前置きが長くなったが、このようなサマーディに到る技法を3種類、第三イニシエーションの9日目に教えて貰えるということで、筆者の期待はいやが上にも高まった。更に師からは、このサマーディの状態に到達した証しとして、呼吸が止まるので、その状態を良く意識しておくように前もって告げられた。

ここでいつも繰り返している言葉を再三書かなければならないのは心苦しいのだが、筆者はこれらの技法に就いて詳細に語ることは許されていないので(それらを明かさないという誓約書を差し出している)、便宜上それらの技法に夫々ABCを付けて区別すると共に、概要のみ説明しておきたい。

技法Aは、呼気と吸気の際に、夫々ある言葉を念ずることで、無呼吸の状態に導くものである。
     前述の第17節に対応する。
技法Bは、瞑想を通じて、金色の光を体験するサマーディである。呼吸は停止しない。
技法Cは、意識を体の特定の部位においたまま行う瞑想法である。前述の第18節に対応する。
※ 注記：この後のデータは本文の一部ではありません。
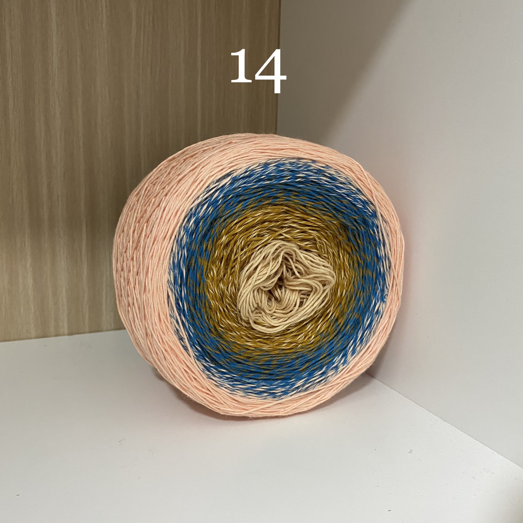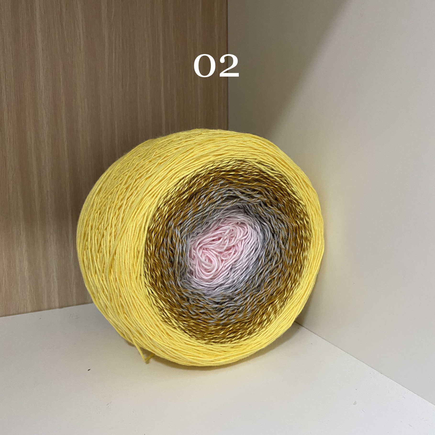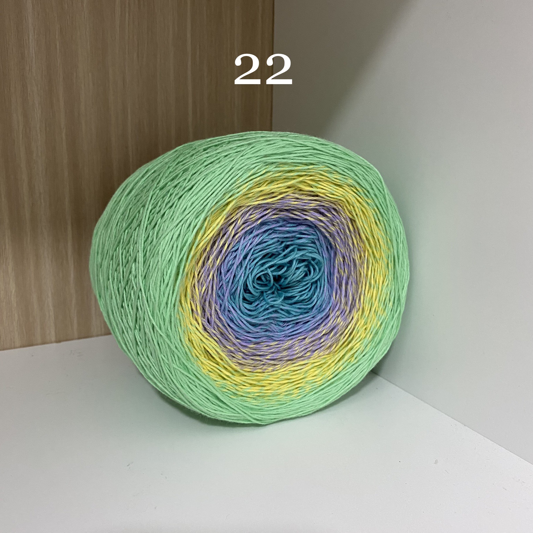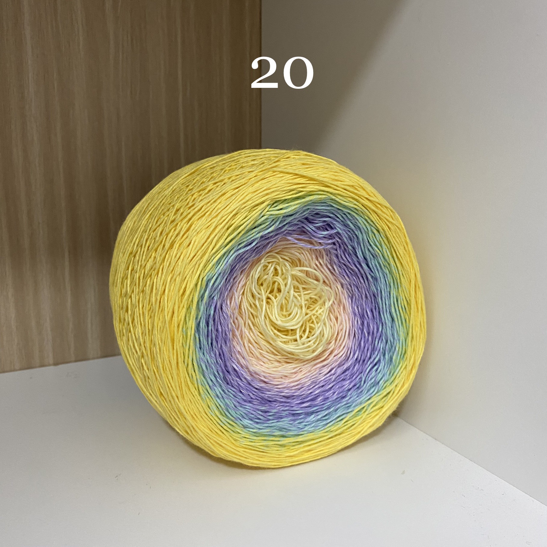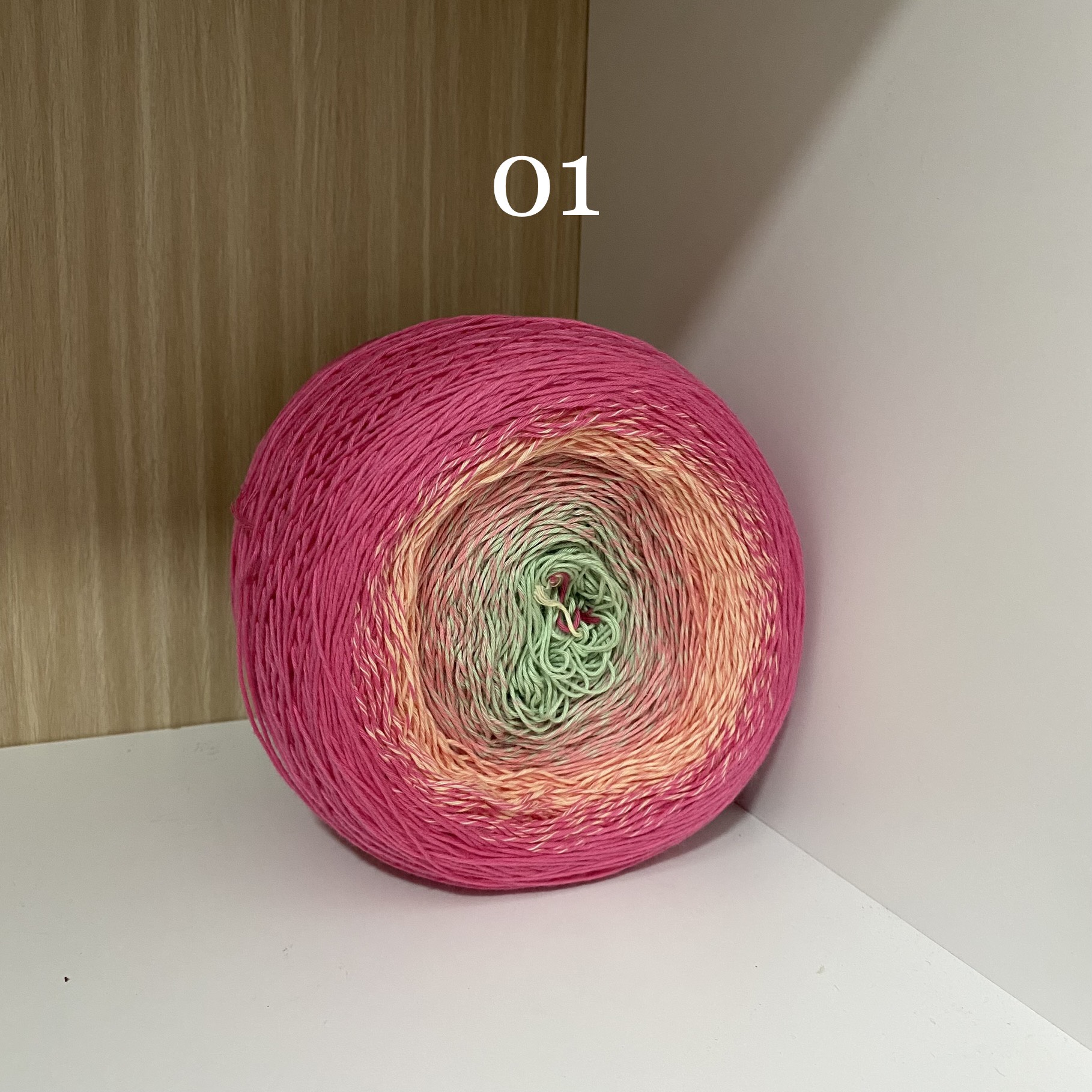 Sợi Cotton là dòng sợi se với 100% Cotton mát mềm. Sợi phù hợp cho các dự án đan móc áo, váy khăn. Ứng dụng trong thời trang đi chơi, đi làm đều được. Ngoài ra, điểm cộng lớn nhất là sở hữu bảng màu cầu vồng tươi mát, trẻ trung, dễ dàng để phối đồ với các màu trơn khác.
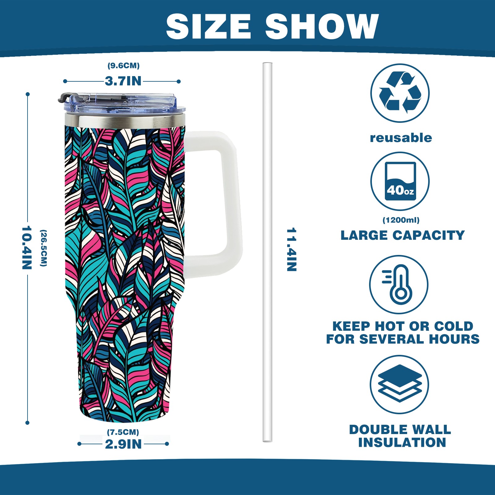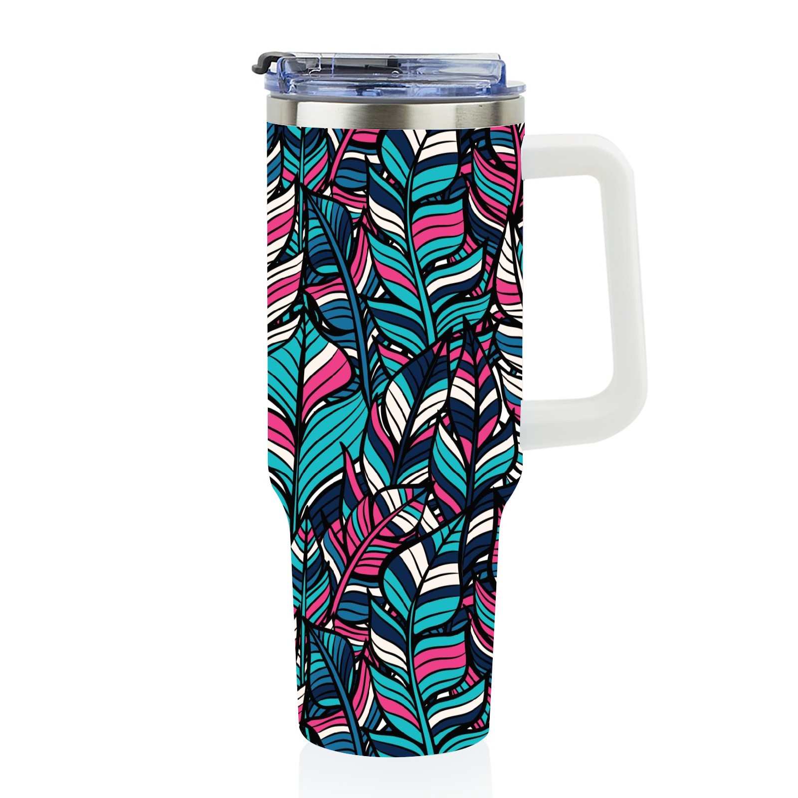 40oz Boho Style Seamless thermos with lid and straw, leak-proof stainless steel, with handle, spill-proof bottle, convenient for travel(pink)
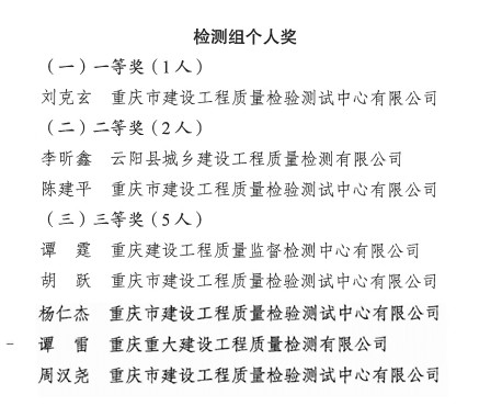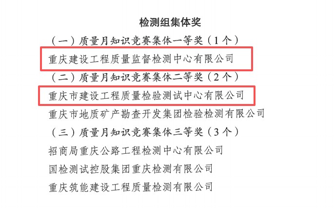市建科院所屬重慶建設(shè)工程質(zhì)量監(jiān)督檢測中心有限公司、重慶市建設(shè)工程質(zhì)量檢驗測試中心有限公司在檢測組比賽中表現(xiàn)突出,分別摘得檢測組集體獎一等獎和檢測組集體獎二等獎。

これらの技法3種類は、それを実施する直前に、かなり長い間プラーナヤーマ(それも二種類)を行う必要があるので、夫々一時間位の間坐り続けていなければならない。しかしこの合宿も既に9日目に達し、その間技法の伝授をうける間、或いは講義を聴く間、筆者は殆ど床に座っていたので、腰痛に悩まされ始めると共に、足の痺れや痛みが随分と気にはなっていたが、とにかくあこがれの境地、サマーディに到達できるという最も重要な技法なので、意を決してこの技法に臨んだ。

技法Aの概要が師から説明され、皆で先ずプラーナヤーマを開始する。このプラーナヤーマは2種類あるが、最初のプラーナヤーマは、第一イニシエーションで伝授されたもの、次のプラーナヤーマは第二イニシエーションで伝授されたものを行う。更に続けて技法Aに進むのであるが、これは或る意味でマントラと呼吸法と更に瞑想を三つ組み合わせたようなものである。
技法Aに進んでどの位の時間が経過したのであろうか、おそらくは15分から20分程は経過していたものと思う。一向に呼吸停止の状態にならないので、半ば諦めかけていたところ、眼の前に月の表面のような映像が映しだされ、意識状態が変わりつつあるように感じ始めたところ、突然小さいながらも明るく、金色に輝く光が目の前に広がり、その金色の光がどんどん大きくなっていったかと思うと、筆者は突然宙を飛んで別の建物の中にいるような感覚になった。そこは壁も、天井も、柱も金色に輝く宮殿のような大きな建物で、その天井近くを浮揚しながらゆっくりと旋回しているような感覚である。間もなく師が瞑想の終わりを告げるチャイムを鳴らし、現実の世界に引き戻された。その後、師から皆に対して、その瞑想での体験を発表するように指示があり、何人かは実際に呼吸が止まったことを話していた。筆者も挙手して、自身の体験(上記)を話したが、皆の体験とは全く異なっていた。師からは、呼吸が止まったかどうか聞かれ、正直余り意識していなかったが、呼吸が止まったという意識は無かったので止まらなかったとのみ答えた。師はその時何も云わなかったが、今にして思えば、筆者は技法Bの意識状態を体験していたのかも知れない。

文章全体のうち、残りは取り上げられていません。